Selasa, 24 September 2013

Momentum Kesepakatan Jenewa
Oleh: Fatkurrohman, S.IP,M.Si[1]


Ketua tim investigasi senjata kimia PBB (Perserikatan Bangsa-Bangsa), Ake Sellstrom, telah menyerahkan laporan hasil investigasinya kepada Sekretaris Jenderal (Sekjen) PBB Ban Ki-Moon. Dalam laporan tersebut disebutkan bahwa telah terjadi penggunaan gas sarin di Ghouta, Damaskus, pada tanggal 21 Agustus lalu. Penggunaan gas sarin ini telah mengakibatkan 1.400 warga sipil tewas yang di dalamnya termasuk 400 anak-anak. Penyelidikan ini hanya menginvestigasi terkait fakta penggunaan senjata kimia dan bukan untuk mengetahui siapa pelakunya.
Fakta penggunaan gas sarin ini didukung dengan tingkat presisi 85 % yang diambilkan dari sample darah korban di lapangan. Tidak hanya itu, tim investigasi juga menguji rambut, urin dan roket yang digunakan terkait penggunaan gas sarin. Berdasarkan laporan tim investigasi ini, pihak AS, Inggris dan Perancis (Barat) mengklaim bahwa rejim Assad telah menggunakan gas yang sangat berbahaya tersebut. Tetapi, Rusia menyatakan bahwa fakta penggunaan gas sarin di Ghouta merupakan tindakan provokatif yang dilakukan oleh para pemberontak Suriah untuk melegitimasi intervensi militer di Suriah.
Rusia yang merupakan sekutu dekat Suriah juga tidak setuju dengan keinginan AS, Inggris dan Perancis yang ingin menggunakan ancaman militer ke Suriah melalui resolusi DK (Dewan Keamanan) PBB terkait bukti penggunaan gas sarin di Ghouta. Rusia bersama dengan China yang telah memveto sebanyak tiga kali keinginan Barat untuk melakukan intervensi militer ke Suriah, juga mengharapkan kerja DK PBB ke depan bisa lebih baik.

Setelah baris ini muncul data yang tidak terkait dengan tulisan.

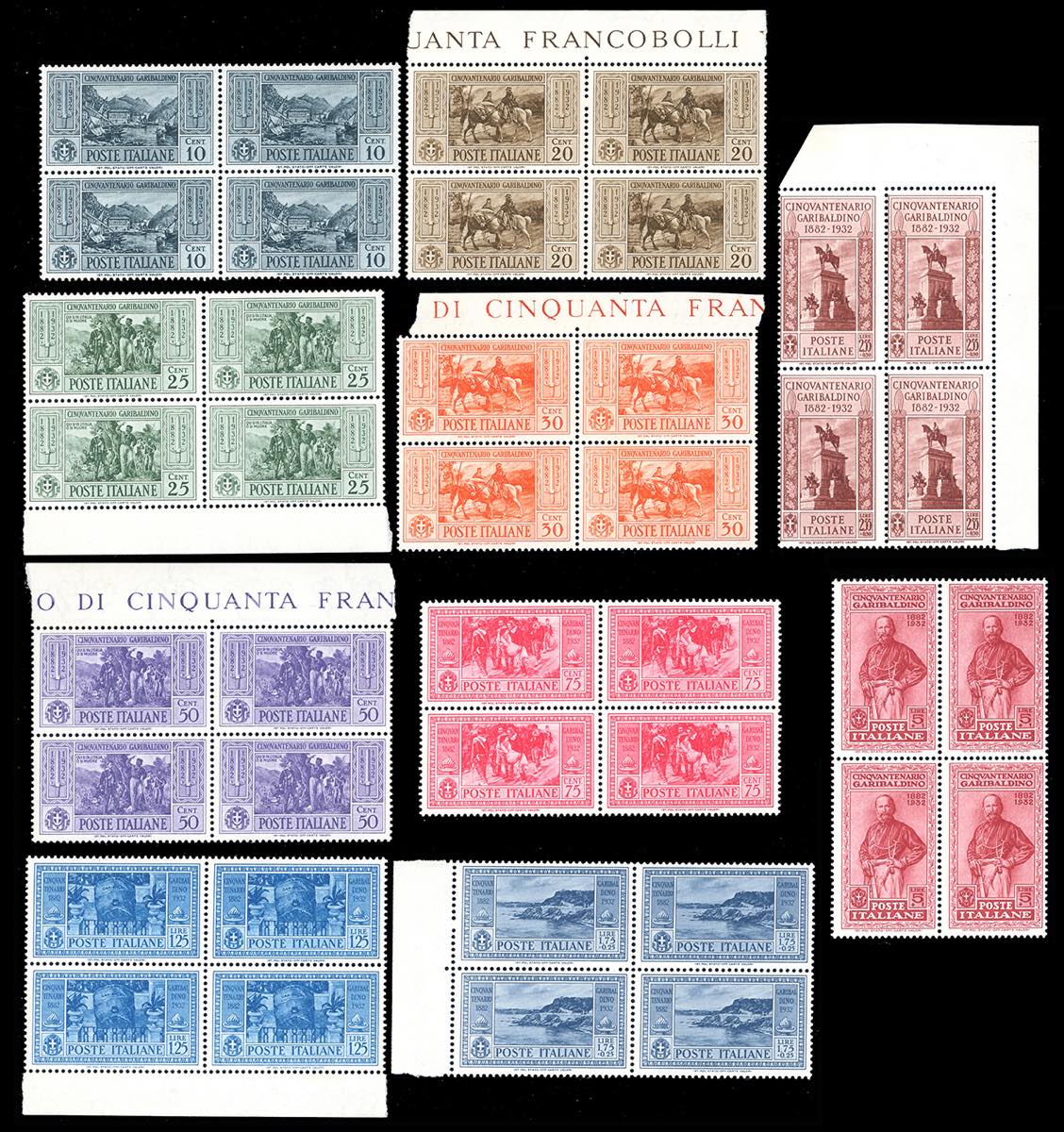 1932 - Garibaldi, serie completa di posta ordinaria (315/324), blocchi di quattro, gomma originale integra, perfetti. Ottima qualità.
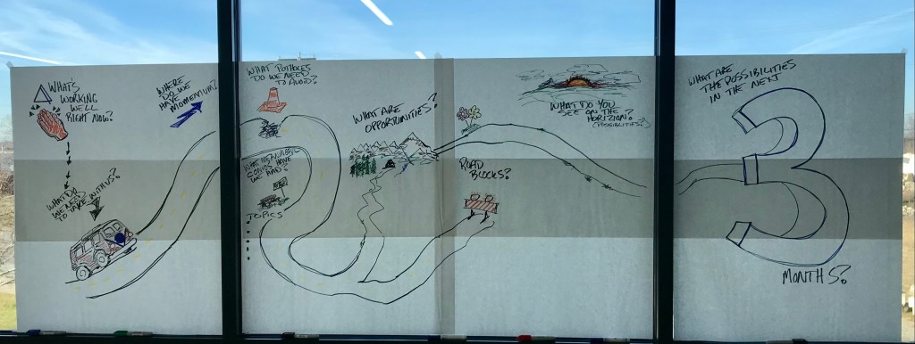 After the team finished, we stepped back and looked at the big picture of our collective answers. Then we themed the answers. Those themes helped guide the next steps in creating our strategic plan for the next 3 months.
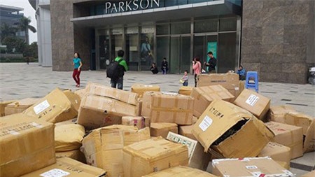 Hàng hóa ngổn ngang trước cửa Parkson. Ảnh: Ngọc Lan |
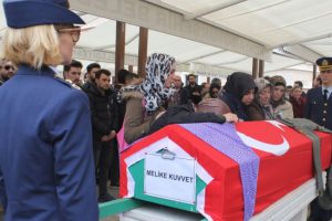 FETÖ mağduru Melike Kuvvet’in Türk bayrağına sarılı tabutunun üzerine giyemediği binbaşı tulumu konuldu, Hava Kuvvetleri subayları saygı nöbeti tuttu...

Maka tidak mengherankan jika Ban Ki-Moon menginginkan hasil laporan tim investigasi ini bisa menjadi pijakan bagi PBB untuk merumuskan solusi terbaik terkait krisis politik-keamanan yang melanda Suriah. Sejak krisis Suriah bergulir pada tahun 2011, jumlah korban tewas telah mencapai angka 110,000 dan kurang lebih 7 juta jiwa menjadi pengungsi.

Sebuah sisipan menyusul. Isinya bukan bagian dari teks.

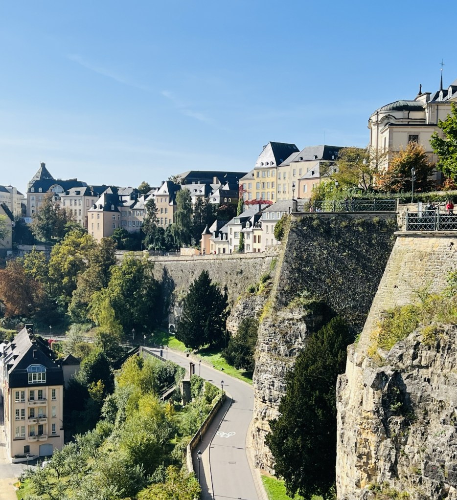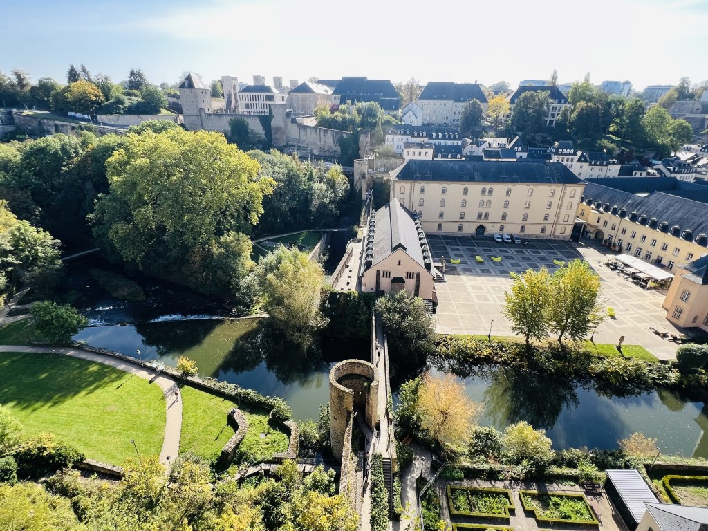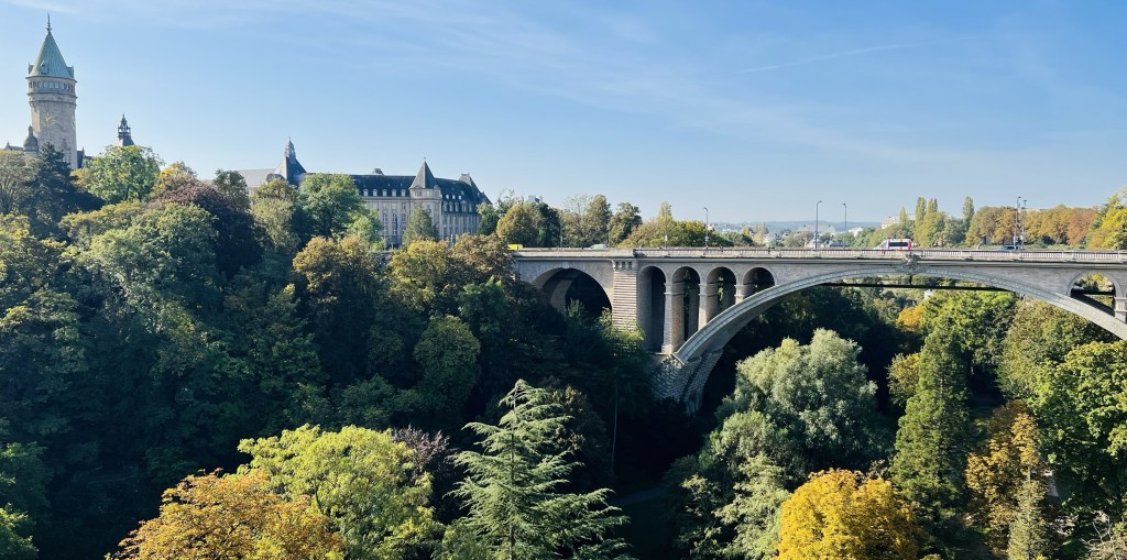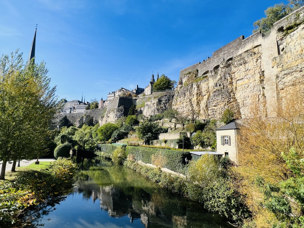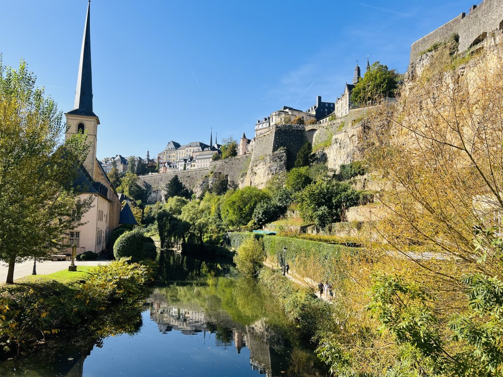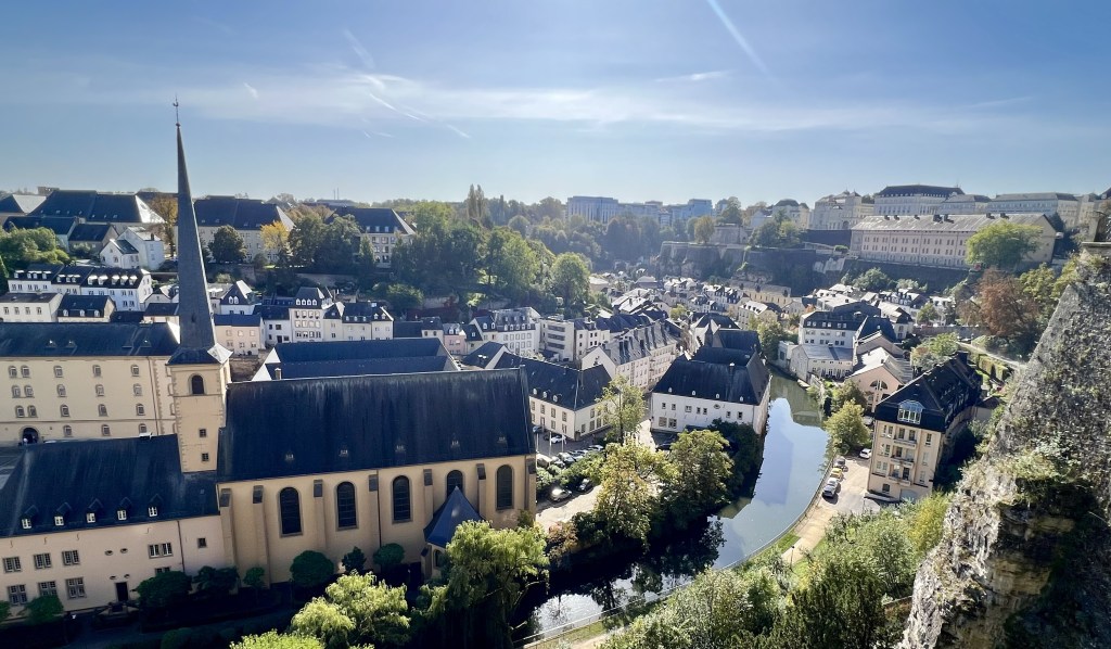 Luxembourg City is a small town where you can visit everything by foot… although not quite in a day but we did our best. It exists on two different levels: the upper town and the lower town. The upper town is the old town, and it was built in the 10th century. We wandered the Chemin de la Corniche which is often called the most beautiful balcony in Europe. It’s a lovely walk on a cobblestone pathway that winds down from above the steep fortified walls that surround the city in the old town, to the lower level. From the top the views of the Alzette Valley, the Grund (lower level) and also the roofs of houses in Luxembourg City, churches and cliffs are postcard worthy, with the quaint town and colourful trees below (as the leaves are definitely beginning to change with the coming autumn). In fact there are stunning views pretty much in every direction.

Banyaknya korban tewas dan tingginya angka pengungsi akibat krisis Suriah membuat dunia internasional prihatin. Keprihatian dunia internasional semakin besar ketika melihat gas sarin digunakan di Ghouta. Untuk merespon hal tersebut, maka pemerintah Rusia menginisiasi kesepakatan Jenewa yang disetujui oleh AS dengan tujuan untuk melucuti senjata kimia Suriah.

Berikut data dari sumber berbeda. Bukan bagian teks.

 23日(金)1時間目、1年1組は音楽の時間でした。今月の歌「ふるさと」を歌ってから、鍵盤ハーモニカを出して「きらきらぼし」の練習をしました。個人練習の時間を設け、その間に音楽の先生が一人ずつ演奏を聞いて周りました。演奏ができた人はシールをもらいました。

Dalam hal ini, pihak Suriah menyambut dengan tangan terbuka atas kesepakatan Jenewa. Artinya bahwa dalam satu minggu ini, pihak Suriah akan menyerahkan kontrol senjata kimianya kepada dunia internasional. Selain itu dalam kesepakatan Jenewa juga disebutkan bahwa senjata kimia Suriah akan dimusnahkan setidak-tidaknya pada pertengahan 2014.
Momentum Jenewa
Terwujudnya kesepakatan Jenewa yang melibatakan AS dan Rusia terkait pelucutan senjata kimia Suriah bisa menjadi momentum yang baik untuk melucuti senjata kimia negara lain. Dalam konteks ini adalah kepemilikan senjata kimia Israel. Militer Israel telah terbukti menggunakan bom fosfor (phosphorous bombs) dalam invasinya ke Jalur Gaza pada akhir tahun 2008-2009 yang telah menewaskan kurang lebih 1.314 warga Gaza. Tidak hanya di Jalur Gaza, militer Israel juga telah mengunakan bom yang sama ketika terjadi Perang Israel-Hizbullah pada tahun 2006.
Apa yang dilakukan oleh militer Israel dalam invasi ke Gaza dan perang dengan Hizbullah harus membuka mata pihak Barat untuk tidak melakukan standar ganda (double standard). Israel dan Suriah adalah merupakan negara-negara yang tidak meratifikasi CWC (Chemical Weapons Convention) dan BWC (Biological Weapons Convention). Hal ini tentu sangat berbahaya bagi stabilitas keamanan internasional mengingat dahsyatnya dampak senjata kimia maupun biologi bagi kemanusiaan.
Terkait dengan dampak dari senjata kimia, bom fosfor bisa mengakibatkan tubuh melepuh dan terbakar sehingga korban akan mengalami cacat seumur hidup. Sementara gas sarin mempunyai dampak yang 26 kali lebih mematikan daripada gas sianida. Dampak akibat gas ini bisa mengakibatkan kematian seperti tercekik.
Berangkat dari paparan di atas, maka kesepakatan Jenewa bisa menjadi momentum yang tepat tidak hanya bagi pemerintahan Suriah dalam hal pelucutan senjata kimianya, tetapi juga menjadi entry point bagi dunia internasional untuk melakukan hal yang sama atas kepemilikan senjata kimia Israel. Wallahu A’lam.

[1] Dosen Hubungan Internasional, Fisipol, Universitas Gadjah Mada (UGM) Yogyakarta.